Most experts predicting year-over-year revenue dip
State tax collections this fiscal year could range anywhere from $25.9 billion to $29.8 billion, according to estimates offered Wednesday by economic experts that point to a likelihood that the state will see a year-over-year decline in tax receipts.
The estimates all fall below the $31.15 billion revenue estimate that the Ways and Means Committee chairs and Gov. Charlie Baker’s budget office agreed to in January, before COVID-19 took hold in the United States, leading to widespread business closures and restrictions and a steep economic downturn.
Ten months later, with the state still operating under temporary budgets, chairmen Sen. Michael Rodrigues and Rep. Aaron Michlewitz and Administration and Finance Secretary Michael Heffernan convened a group of experts to offer their latest forecasts and help inform the eventual crafting of a spending plan for the remainder of fiscal 2021.
The projections received Wednesday also reflect a host of unpredictable factors that experts said will shape the state and national fiscal pictures, including the trajectory of the coronavirus pandemic and future federal government policies and actions.
The state Department of Revenue projected a tax haul in the range of $25.918 billion to $28.387 billion. Three other speakers offered estimates in the area of $29 billion, shy of the $29.596 billion collected in fiscal 2020.
“There’s tremendous uncertainty in these forecasts,” Revenue Commissioner Geoffery Snyder said. “The trajectory of the pandemic, the timing of the development of vaccines and therapeutics, the measures governments have taken to control the pandemic and to mitigate its impacts, and the uncertainty surrounding potential action at the federal level have combined to create unprecedented challenges in revenue forecasting for the commonwealth.”
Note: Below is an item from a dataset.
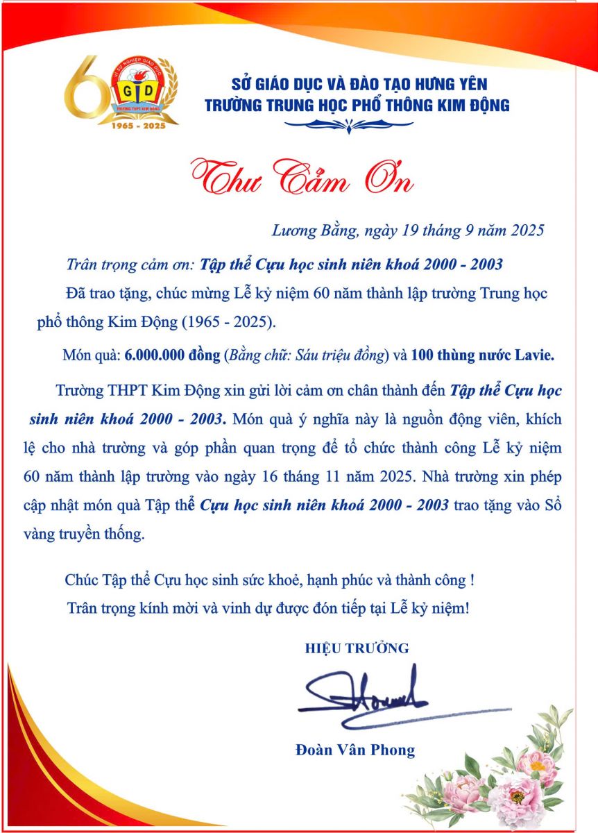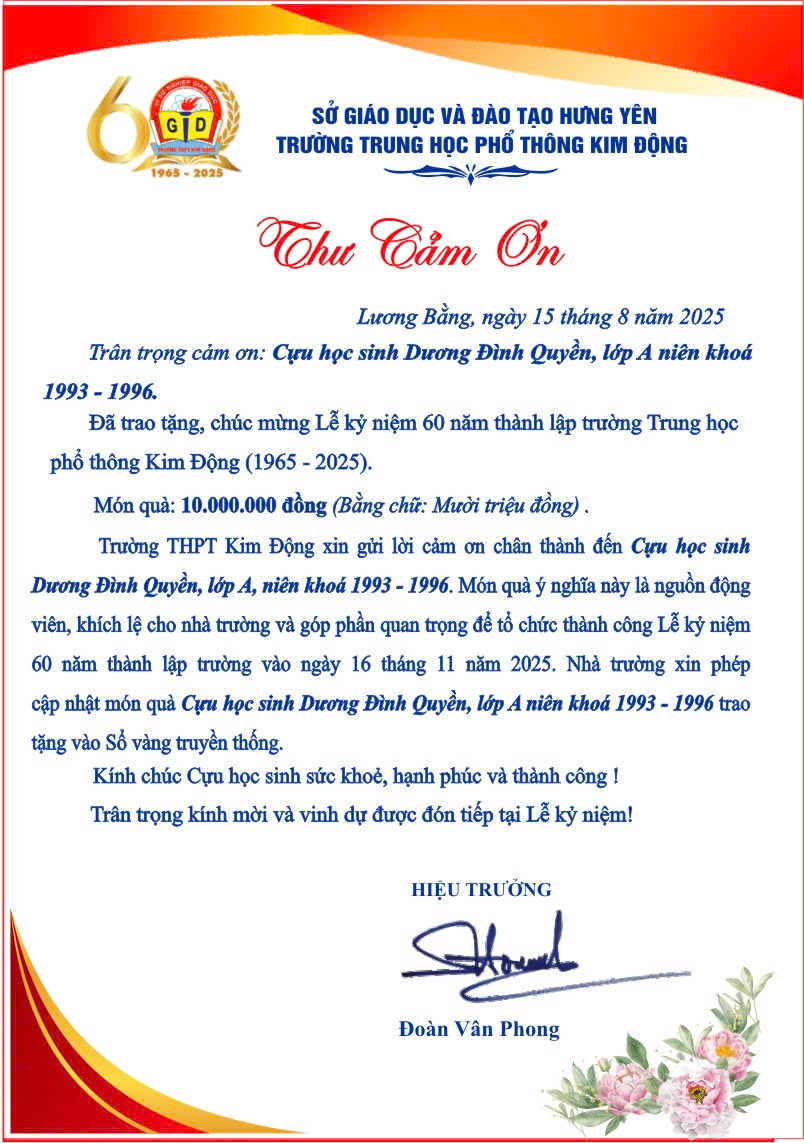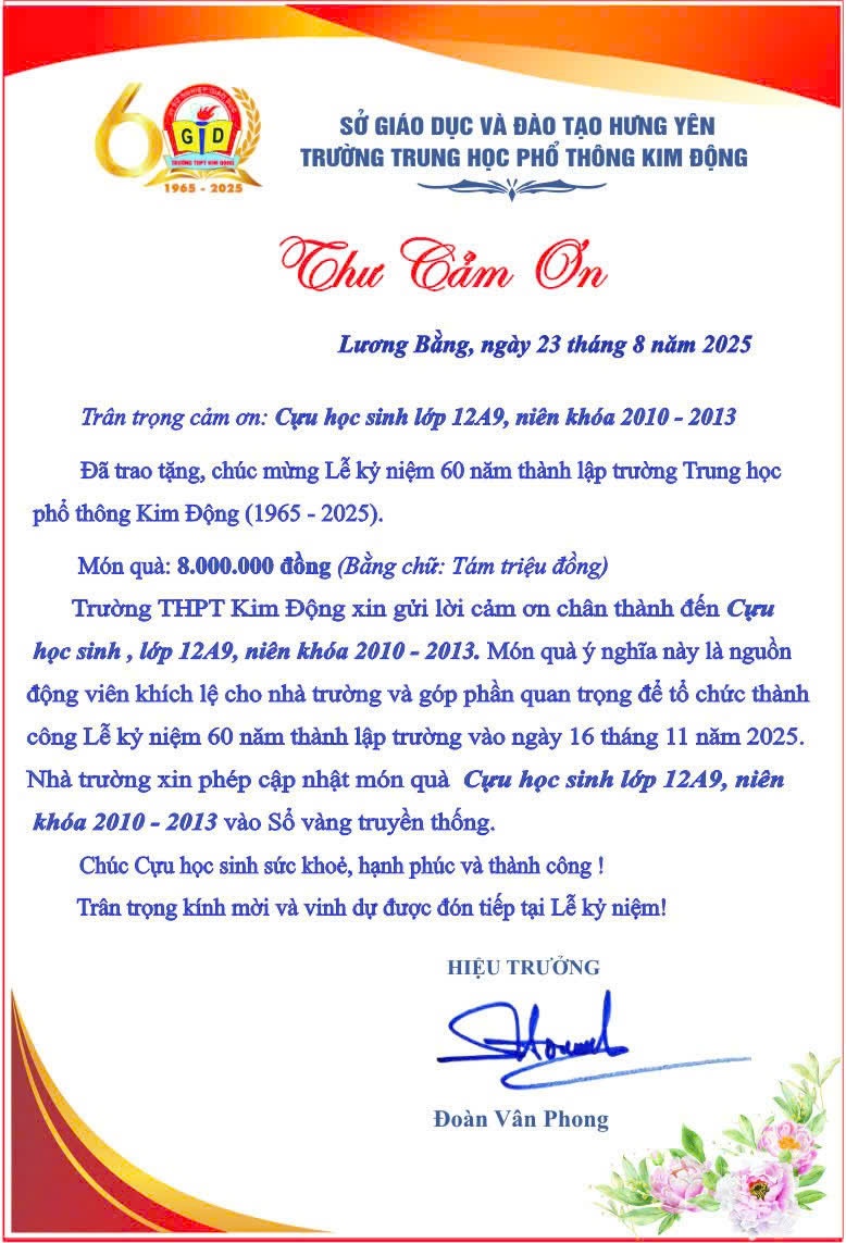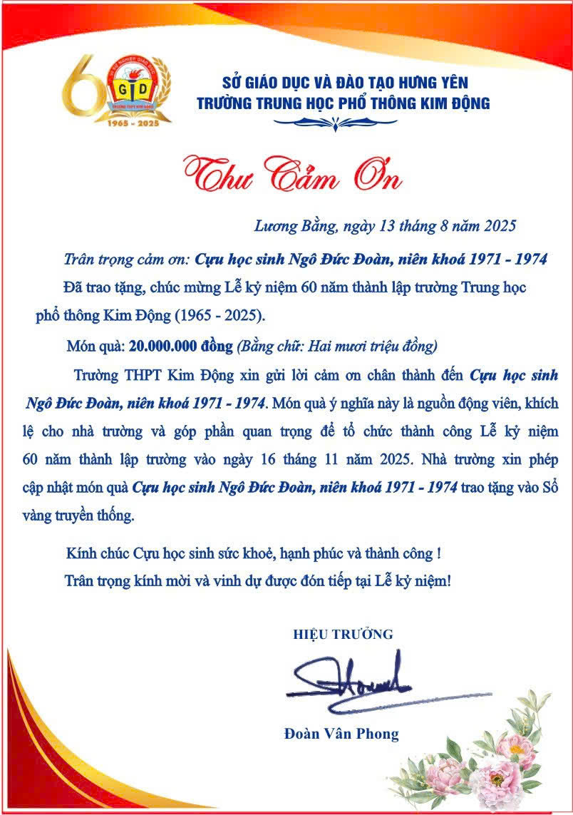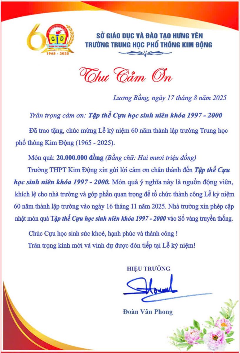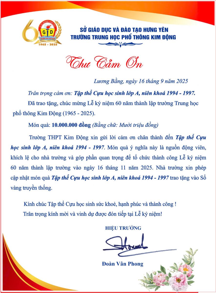 THƯ NGỎ VIẾT BÀI ĐĂNG TẬP SAN KỶ NIỆM 60 NĂM THÀNH LẬP TRƯỜNG THPT KIM ĐỘNG (1965 - 2025)(16/06/2025)

Reacting to Snyder’s testimony, Rodrigues said, “I’ve never seen this large of a range before in forecasts.”
The DOR forecasts are based on projections from economic vendors and tax collections for the first three months of fiscal 2021 — $7.27 billion through September. The range Snyder offered would represent a drop of anywhere from 4.1% to 12.4% from fiscal 2020 collections, or $2.764 billion to $5.233 billion below initial fiscal 2021 estimates.
Like Snyder, others who testified stressed that the pandemic and efforts to control the virus will be major drivers of the economy’s path going forward.
“If we can’t get the spread of the virus down, we cannot maintain much confidence that we can safely return to a fullthroated economic activity,” said Jeffrey Thompson of the Federal Reserve Bank of Boston.